At the recent DesignCon 2019 in Santa Clara, I attended a couple of sessions where Cadence and their research partners provided some insight on machine learning/AI and on large system design analysis; with the first one focused on real-world cloud & machine learning/AI deployment for hardware design and the second one focused on design space exploration analyzing large system designs.
I. Intelligent Electronic Design and Decision
The first session was kicked off by Dr. David White of Cadenceand was entitled Intelligent Electronic Design and Decision. He contrasted the internet-driven image recognition AI problems with EDA related AI. The characteristics of image recognition include natural or man-made static objects with a rich set of online examples whereas EDA characteristics are dynamic and require learning adaptability with sparse data sets where verification is critical and optimization very important.
White pointed out that not a lot of large data sets exist and verification is essential to all we do in EDA/SoC design, and optimization plays a role in large designs when finding design solutions. The ML/DL space additionally refers to a few different technologies such as optimization and analytics. He also noted that these approaches can be computationally heavy, so massive parallel optimization is used to get the performance back. In the development of design automation solutions, uncertainty arises in one of two forms:
- Factors/features that are unobservable
- Factors/features that are observable but change over time.
Design intent is not always captured in EDA tools where designers have an objective and intention in mind and then tune to an acceptable solution. This can be problematic at recent silicon technologies where uncertainty is greatest and there is a low volume of designs to learn from. The goal is to use AI technology and tools to learn from a prior design database, to explore, and reach an acceptable solution. At PCB West 2018, auto router results presented from Intel took 120 hours but when using AI-based smart routing the runtime got down to 30 minutes.
There are five challenges for intelligent electronic design:
1. Developing real-time continuous learning systems:
- Uncertainty requires the ability to adapt quickly
- Limited observability requires ways to determine design intent
2. Creation of contextual learning for hierarchical decision structures:
There are a series of design decisions a designer makes to design a chip, package or board, those decisions drive to a number of sub-goals. This leads to a number of complicated objective functions or a complicated optimization problem that requires solving in order to automate large chunks of the automation flow.

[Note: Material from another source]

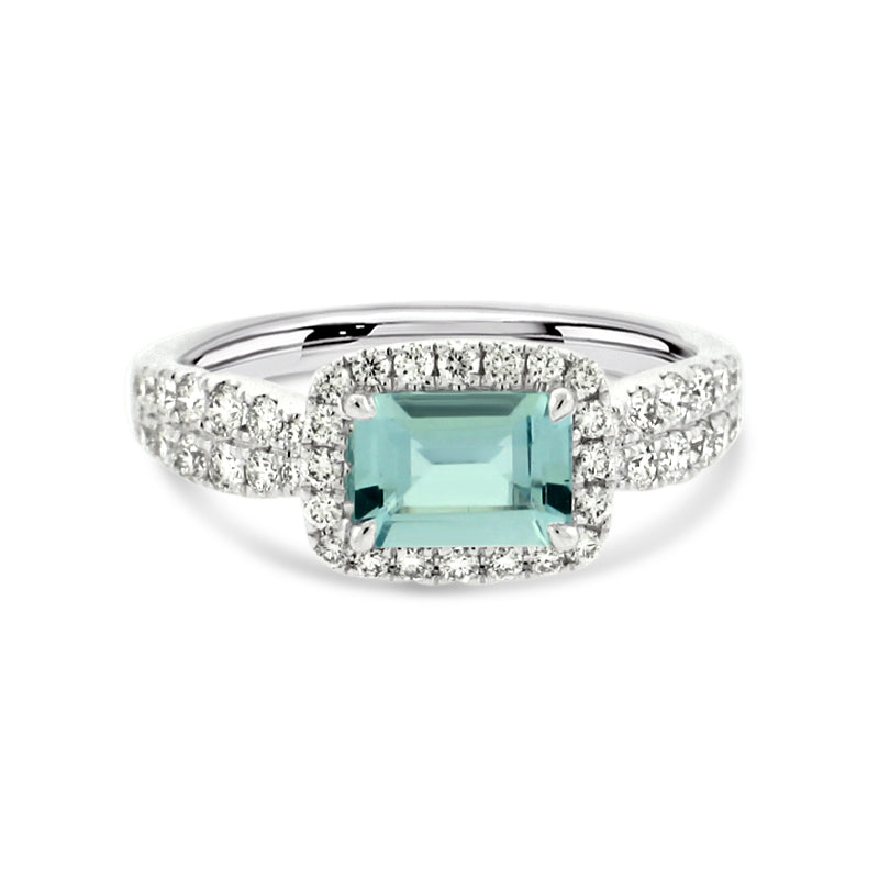 18KW GOLD AQUAMARINE AND DIAMOND RING

3. Robust flexibility and verification:
Most designs are used behind firewalls, and solutions need autonomy. Formalized verification processes are needed to ensure stable learning and inference. Robust optimization approaches are needed to ensure stable decisions.
4. Cold start issues:
Learning and model development is difficult when a new silicon technology is ramped. Typically very little data is available and there is no model to transfer. This is typical of early silicon nodes (like 7nm) when there are few designs to learn from and overall uncertainty is largest.
5. Synthesizing cost functions to drive large-scale optimization is complex and difficult.
II. Design Space Exploration Models for Analyzing Large System Designs
The second session addressed Design Space Exploration with Polynomial Chaos Surrogate Models for Analyzing Large System Designs. Cadence is collaborating with and supporting the academic work that was presented in that session.
Design space exploration usually involves tuning multiple parameters. Traditional approaches (sweeping, Monte Carlo) are time-consuming, costly, and non-optimal. The challenge is quantifying uncertainty from un-measurable sources. Polynomial Chaos (PC) provides more efficient uncertainty quantification methods and addresses the curse of dimensionality (too many parameters to track which may or may not be significant). In order to address this curse of dimensionality and since the size of the PC surrogate model increases near-exponentially, a dimension reduction of less important variables that have a negligible effect on output can occur as follows:
• Only sensitive variables are considered as random.
• The rest are fixed at their average value.
• A full PC model is developed based on the selected terms.
Polynomial Chaos theory was presented (with intimidating math that was well explained including sensitivity analysis). A multi-stage approach for developing surrogate models was proposed and goes as follows:
• First, a simplified Polynomial Chaos (PC) model is developed.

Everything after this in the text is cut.